На Лизе прозрачный дождевик с капюшоном. А я отыскал среди вещей этого самого Ферна элегантное летнее пальто. Продолжая в том же духе, мы имитируем кошачью драку, мяукаем. Потом изображаем поезд, его гудки, самолет. Потом мы садимся на мокрую скамью, и я целую Лизу. Она вздыхает.
— Ну, что ты?
— Ничего не понимаю! — говорит она.
— Чего ты не понимаешь?
— Ничего! — отвечает она. Отворачивается.
— Как хорошо целовать женщину под дождем, — говорю я. Еще поцелуй.
Она говорит, что запуталась в своих чувствах. У нее есть жених. Он проходит в Ютландии медицинскую практику. Потом в ее жизни появился Эббесен. А теперь я.
— Ну и темперамент у тебя! — говорю я.
— Скажи, чего ты хочешь?
Она глядит на меня. Я-то хорошо знаю, чего я хочу. Капли мягко падают на нас. С капюшона на ее лицо стекает струйка дождя. Мелкие капли смачивают нежный пух над ее губой. Я снова приникаю к ее рту…
И опять мы сидим на скамье. Приводим в порядок одежду. Закуриваем…
Она оборачивается ко мне. Я беру ее руки в свои. Она всматривается в мои глаза. Сначала изучает правый, потом левый, словно сравнивая. Кажется, у Мартина Ферна совершенно одинаковые глаза. Впрочем, не помню.
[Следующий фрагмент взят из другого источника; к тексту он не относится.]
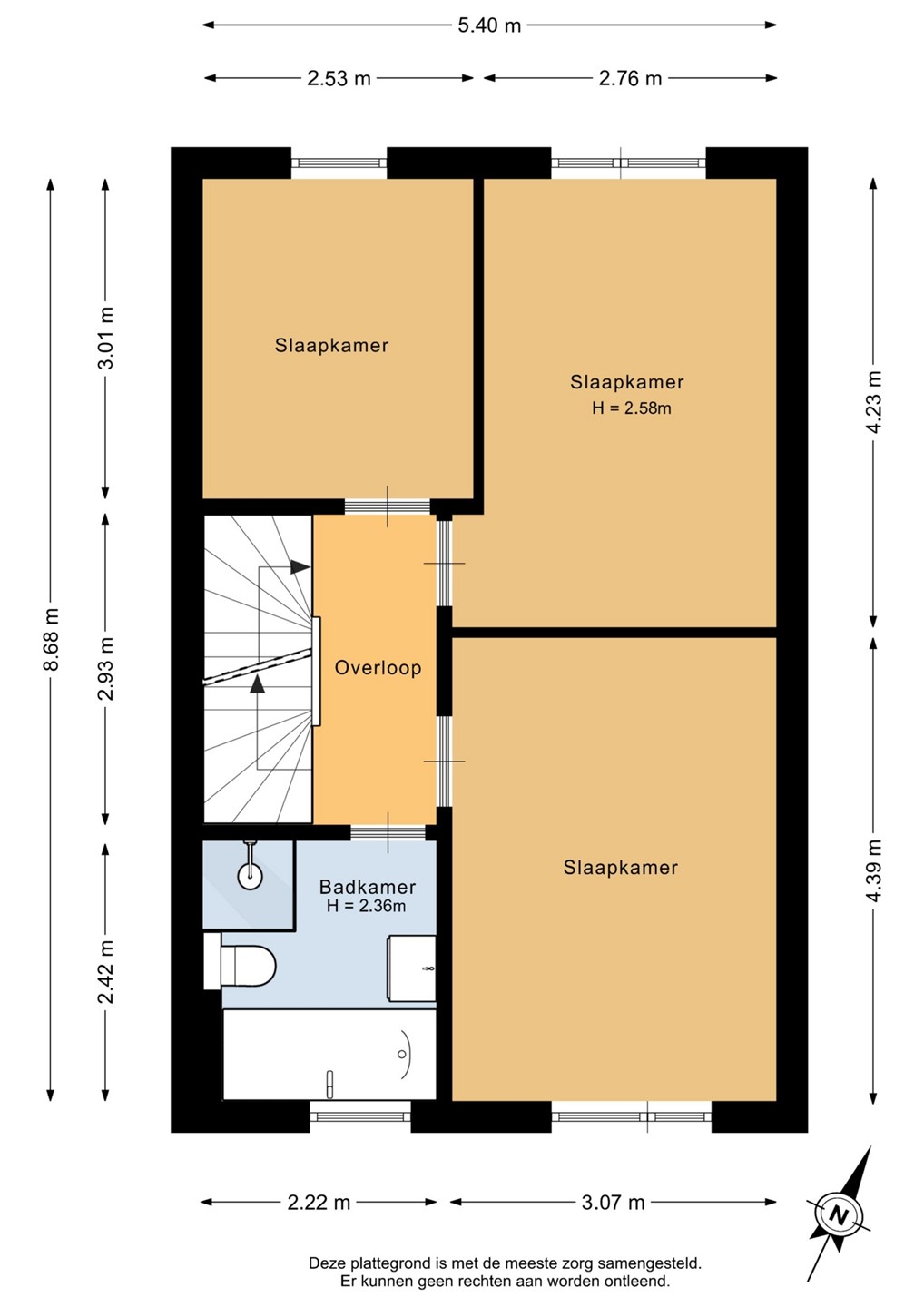 • Drie slaapkamers met mogelijkheid tot vierde slaapkamer van ca 22m²
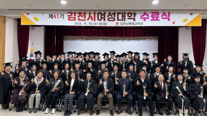 [무한뉴스=최진수 기자] 김천시는 지난 19일 평생교육원 3층 강당에서 가을의 시작과 함께한 '제41기 김천시여성대학'수료식을 성황리에 개최했다.
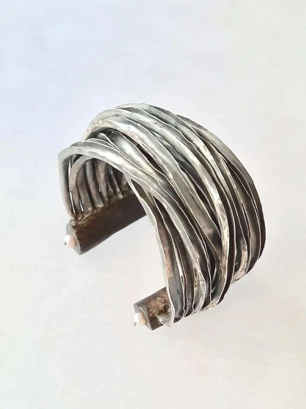 Handcrafted silver and Vermeil jewellery, incorporating pearls and semi precious stones Oxidised pure silver cuff bracelet with Ebony and Pearls PreviousEbony open cuff with pure silver, tourmaline and pearls NextPure silver bracelet with Turquoise and Apetite Oxidised pure silver cuff bracelet with Ebony and Pearls Oxidised pure silver cuff bracelet with Ebony and Pearls $1,500.00 Handmade unique oxidised silver bracelet with Ebony and Pearls Add To Cart Facebook0 Twitter LinkedIn0 Reddit Tumblr Pinterest0
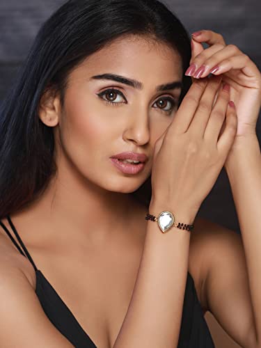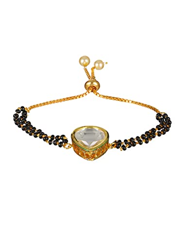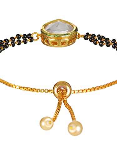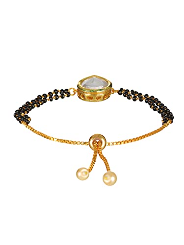 Priyaasi Kundan Pearl Black Bead Gold-ColorManra Bracelet
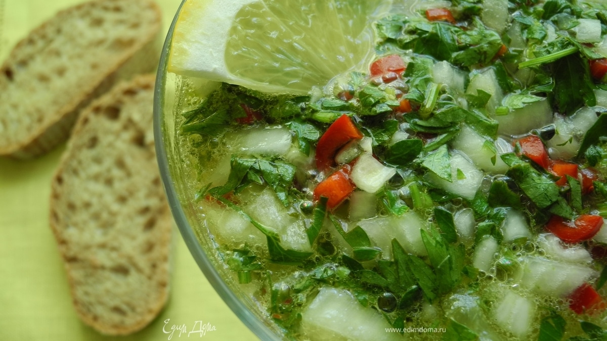 Нашинковала петрушку и лук. Нарезала мелко перец чили (освободив от семян). Смешала лимон, петрушку, лук,чили, соль, оливковое масло. Оставила на час. Затем залила минеральной водой. По рецепту еще добавляется лед. Очень вкусно есть этот суп с чиабаттой, слегка подсушенной или обжаренной!
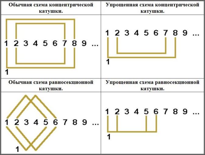 Изображения схем укладки обмотки в пазы.
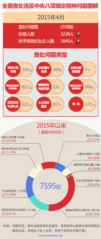2015年4月全国查处违反中央八项规定精神问题2508起

— Я боюсь тебя, — говорит она.
— Почему?
— Я совсем тебя не знаю!
— Я и сам себя не знаю! Но я-то его не боюсь!
— Кого?
— Мартина Ферна. Скорее он боится меня!
— Я жалею о том, что случилось…
Она улыбается. Чуть горько. Печально.
— Теперь ты должен вспомнить, кто ты такой!
— Да.
— Может, ты для того это сделал, чтобы вспомнить, кто ты такой…
— Упаси боже!
— Столько людей знают тебя! Твоя жена, твои дети!..
— Да, уж они-то наверно меня знают!
— Должна же быть какая-то причина, из-за которой ты потерял память!..
— Причина, наверно, чудовищно банальна, — говорю я.
— Иногда мне кажется, что ты притворяешься, — говорит она, прижимаясь щекой к моему плечу.